The November shellacking

Despite voters' sharp rebuke to President Obama and the Democrats in the 2014 midterms, the president went on the offensive with a slew of orders only a few hours after a chastened talk about bipartisanship. Obama almost appeared to be trolling Republicans in hopes of provoking an over-the-top backlash that would undermine the “party of grownups” image that had been key to the midterm success.

This campaign of provocation culminated in a YouTube video encouraging Wheeler to impose the “strongest possible rules” on the Internet instead of the third way “light touch” he was refining. Wheeler appeared blind-sided by the president’s message, which amounted to an order, and he buckled. Forced to explain his change of position, Wheeler offered two ambiguous stories. The first, presented as an epiphany, stressed the success of mobile networks under Title II and glossed over the fact that mobile data service was classified under Title I by the 1996 Telecommunications Act.

The second story was even more puzzling. Wheeler had been hired by a personal computer company called NABU after IBM had released its PC and Apple had introduced the Macintosh. NABU's PC used an older-generation central processing unit, the eight-bit Z80, and an obsolete operating system that had been the precursor to Microsoft’s PC-DOS. The NABU machine attached to a TV set and to a one-way cable network that continually downloaded an uncontrollable stream of applications and other content. Wheeler negotiated deals with 40 cable networks to support the NABU machine, but none of these placements spurred significant sales because the overall value proposition for the NABU PC was too weak. Like so many others in the early personal computer era, the company went bust. In an op-ed in Wired, Wheeler blamed NABU’s failure on too little network openness rather than too little computer performance.

Technical reaction

So, with these flimsy justifications, the US has arrived at a turning point in the development of the web. The present direction of Internet regulation threatens the ability of networks to advance. Supporters of Title II regulation may be well-schooled in telecom law, but few grasp the strengths and weaknesses of Internet technology. The engineering community is concerned about improper regulation, hence luminaries such as the Internet’s lead inventor Bob Kahn and networking pioneer Dave Farber have spoken out on the risk of regulatory overreach. IEEE Spectrum, a publication of the largest professional organization of computer engineers, has just published a detailed critique of the chilling effects of neutrality regulations on the growth of the Internet, “Net Neutrality’s Technical Troubles.” Ironically, the first victims of the White House’s “strongest possible rules” imported from the annals of telephone regulation will be the Internet phone calls carried by Skype and Vonage.

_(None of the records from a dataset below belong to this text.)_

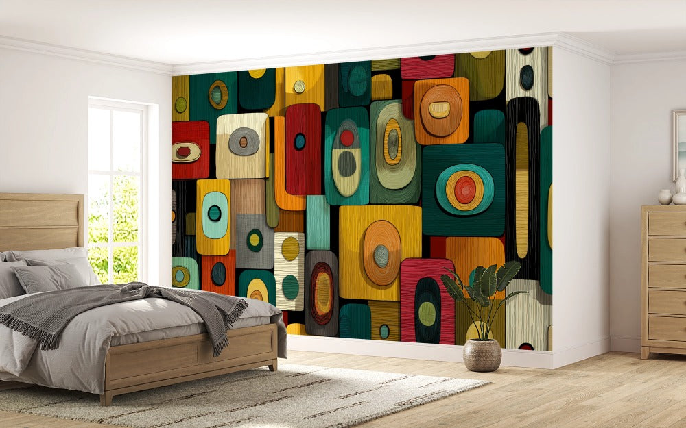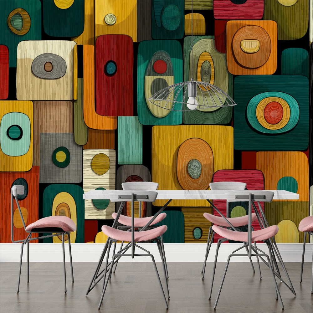 This peel and stick wallpaper features a bold geometric design inspired by mid century modern aesthetics. Rectangular and oval blocks are arranged in a vibrant palette mustard, teal, emerald green, red and orange accented by wood grain textures. Overlapping shapes create a dynamic, retro effect that brings character and personality to any space. Perfect for accent walls in living rooms, dining rooms, studios or hallways, this wallpaper adds an artistic, nostalgic touch to contemporary décor.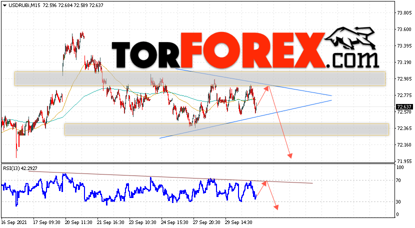 Валютная пара Доллар Рубль USD/RUB продолжает движение в рамках коррекции и формирования модели ”Треугольник”. В момент публикации прогноза курс Доллара США к Российскому Рублю составляет 72.63. Скользящие средние указывают на наличие краткосрочной медвежьей тенденции. Цены пробили область между сигнальными линиями вниз, что указывает на давление со стороны продавцов американской валюты и потенциальное продолжение падения Доллара США против Российского Рубля. В рамках прогноза курса Доллара на 1 октября 2021 стоит ожидать попытку развития роста цены и тест уровня сопротивления вблизи области 72.85 Рублей за Доллар США. Затем, отскок вниз и продолжение падения валютной пары в область ниже уровня 71.75.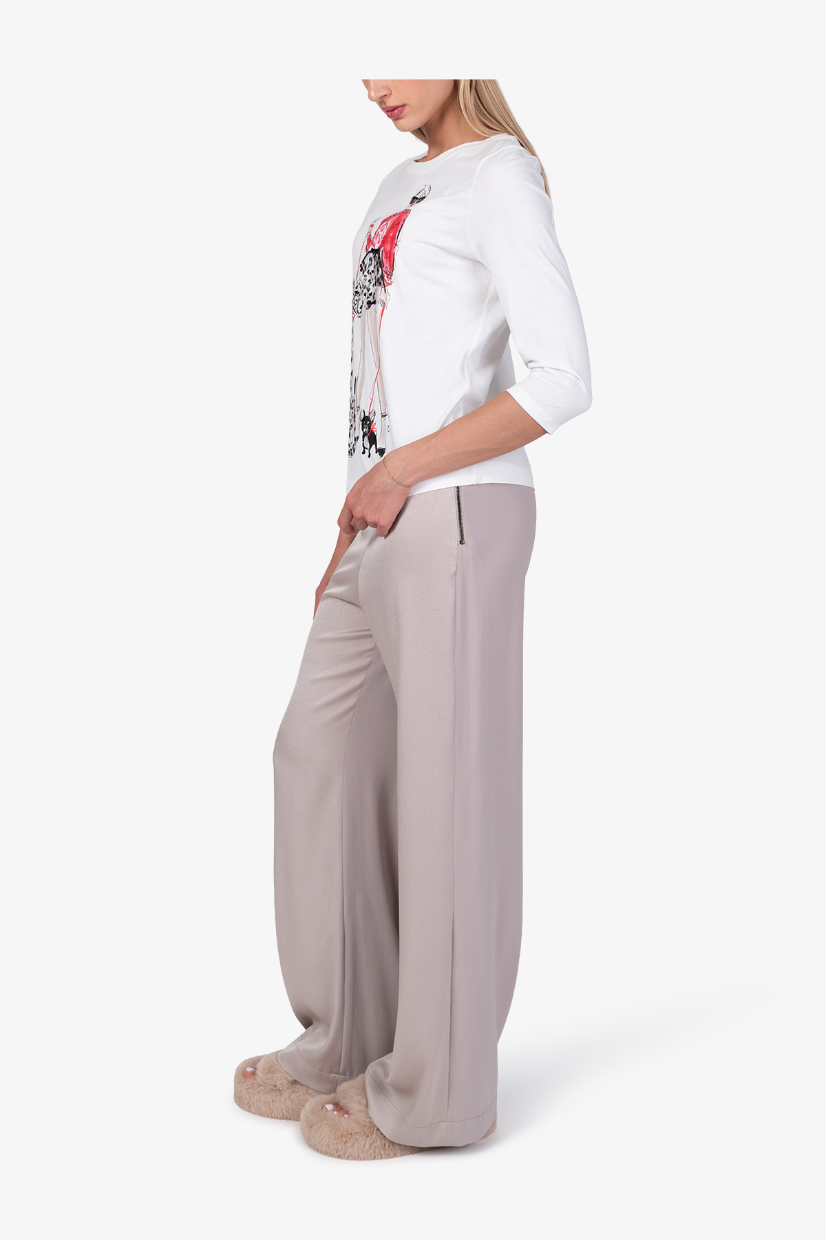 Футболка из высококачественного хлопка с женственной иллюстрацией. Бисер и пайетки добавляют стильные акценты.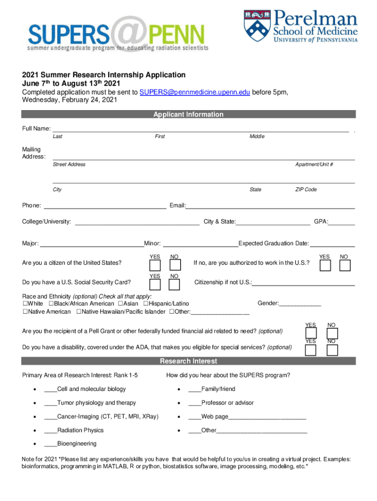 Completed application must be sent to SUPERS@pennmedicine.upenn.edu before 5pm,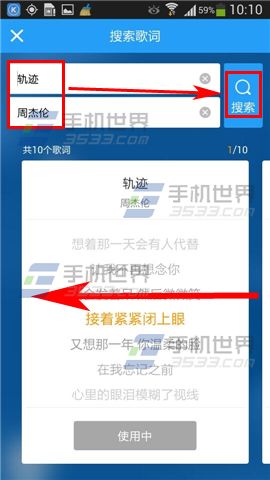 2)输入歌名和歌手名,点击【搜索】,搜索结果可以滑动查看,找到满意的歌词点击【使用】就可以了。(如下图)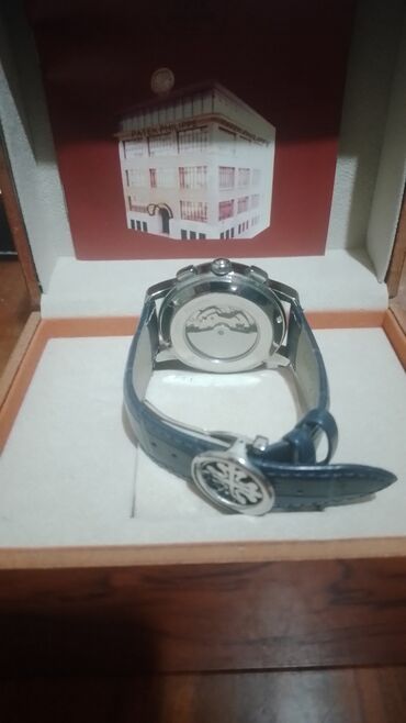 - Qolbaq: tünd mavi dəridən, tikişli; metal iynə qapağı üzərində Patek Philippe loqosu motivi.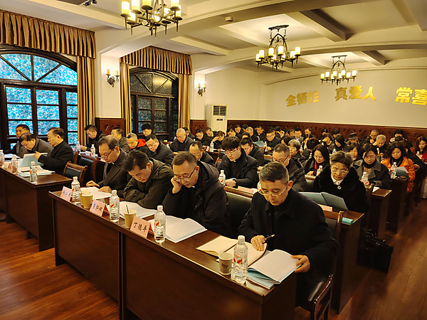 1月11日至12日,重庆市天主教六届二次委员会在渝中区若瑟堂召开。会议以天主教中国化重庆实践为主线,紧扣“学法规、守戒律、重修为、树形象”教育活动主题,部署全年重点工作,着力强化自身建设,筑牢从严治教根基。市委统战部、市民宗委相关业务处室负责人到会指导,市天主教“两会”75名委员参会。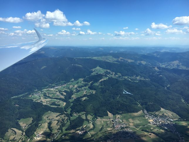 Robert Schröder nutzte das Wetter, um einen „Ausflug“ über den Schwarzwald zu machen und legte dabei in der Wertungszeit von 2,5 Stunden 291km mit einem Schnitt von 116km/h zurück. Zwar liegt er damit in einem höheren Geschwindigkeitsbereich als die beiden Vereinskollegen, bekommt aber aufgrund seines leistungsfähigeren Flugzeugs eine schlechtere Indexwertung. Einen Speedpunkt mehr ergatterte somit Simon Schröder, der sich fliegerisch jedoch eher auf das Gebiet südwestlich der Donau beschränkte.

The Internet as we know it today is a distillation of ideas developed around the world by both public and private sector researchers supported by investments from both public and private sources. Most of the magic comes from the profit-driven private sector. As amazing as the Internet is today, it still falls short of its potential.

It’s a certainty that the rules imposed on Wheeler will slow the Internet’s rate of progress and lock in current applications. Congress can take steps to undo the damage about to be inflicted — and it should.

Richard Bennett is a co-inventor of wi-fi and a visiting fellow at the American Enterprise Institute.